Knocked out Gaiman’s Norse Mythology way too quickly, wish it was twice as long. Read David Mitchell’s Slade House during air travel this week, its a fun novella return to The Bone Clocks. “Why in the Eleven hundred and Eleven names of God would I…?”; oh, I’ve missed you Dr Marinus.

Not sure what’s next; the daunting heft of SevenEves has been wearing out my bedside table for a while now, may be time to take that on.

Just finished The Bark Before Christmas, by Laurien Berenson. It’s a Melanie Travis mystery, and I tried it because jsgoddess enjoys them. I liked this one, too.

Just started Moon Over Manifest by Clare Vanderpool.

I finished The Passenger, by Alexandra Bracken, a new YA time travel novel.
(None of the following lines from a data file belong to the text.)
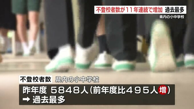 熊本県内の不登校児童数 11年連続増加で5848人に 小学校での「暴力行為」も過去最多 2024年11月1日(金) 10:49 国内 熊本県内の小中学校で不登校の児童生徒の人数が11年連続で増加し、過去最多となりました。県教育委員会によりますと、昨年度(2023年度)の小中学校の不登校者数は、前の年度より495人多い5848人で、過去最多とな…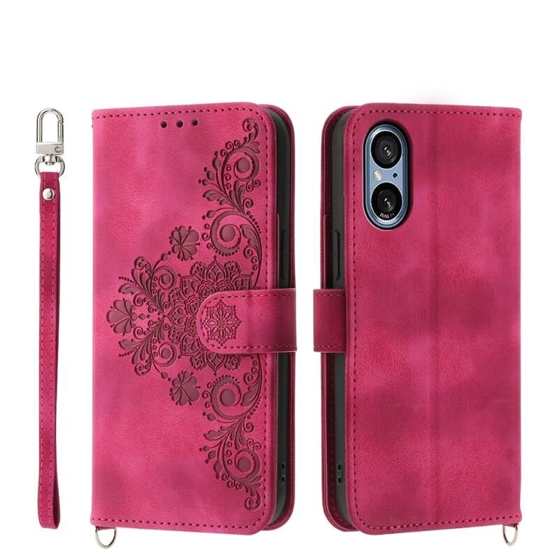 Για Sony Xperia 5 V Skin-feel λουλούδια ανάγλυφο πορτοφόλι δερμάτινη θήκη τηλεφώνου (κόκκινο κρασί)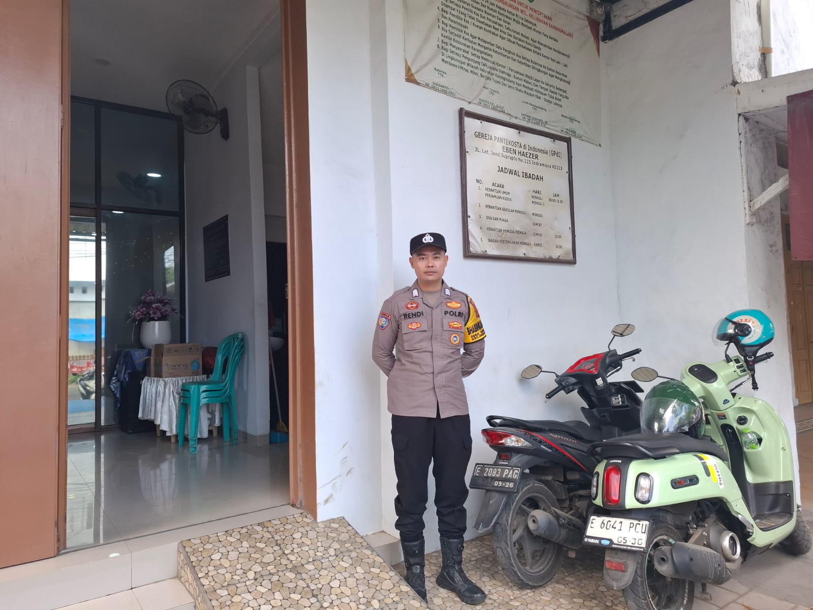 Personel Bhabinkamtibmas terlihat berjaga di berbagai titik gereja, termasuk di antaranya Gedung GPdI Eben Haezer Indramayu dan Gereja Santo Mikael.

It was good enough, but it’s the first of a series and it just ends in the middle of everything. Time traveling families in a feud through the ages.

I finished reading “Diary of a Nobody” which I selected based on Ukulele Ike’s comment last month that he was disappointed in it and he loves “Three Men in a Boat”. Since I was disappointed in “Three Men in a Boat”, I thought I might conversely like “Diary of a Nobody”.

I thought it was quite funny, so maybe I have a greater tolerance for slightly mean humour (like “Fawlty Towers”). I certainly laughed out loud much more than I did reading “Three Men in a Boat”, at any rate.

I just finished Robert Penn Warren’s All the King’s Men and I can see why it’s an American classic. A great political novel about a Thirties Southern populist corrupted by power a la Huey Long, and the assistant who watches it all happen and almost loses his soul, too. An interesting plot and beautiful writing; highly recommended.

Still reading Ted Chiang’s Arrival and enjoying it, and just started an audiobook of Ernest Hemingway’s The Sun Also Rises, too. Haven’t been back to C.J. Sansom’s Dominion lately, but I’ll get to it sometime.

V S Naipaul’s autobiographical “Finding the Center”. Still in the first part, no idea what to expect in the second part.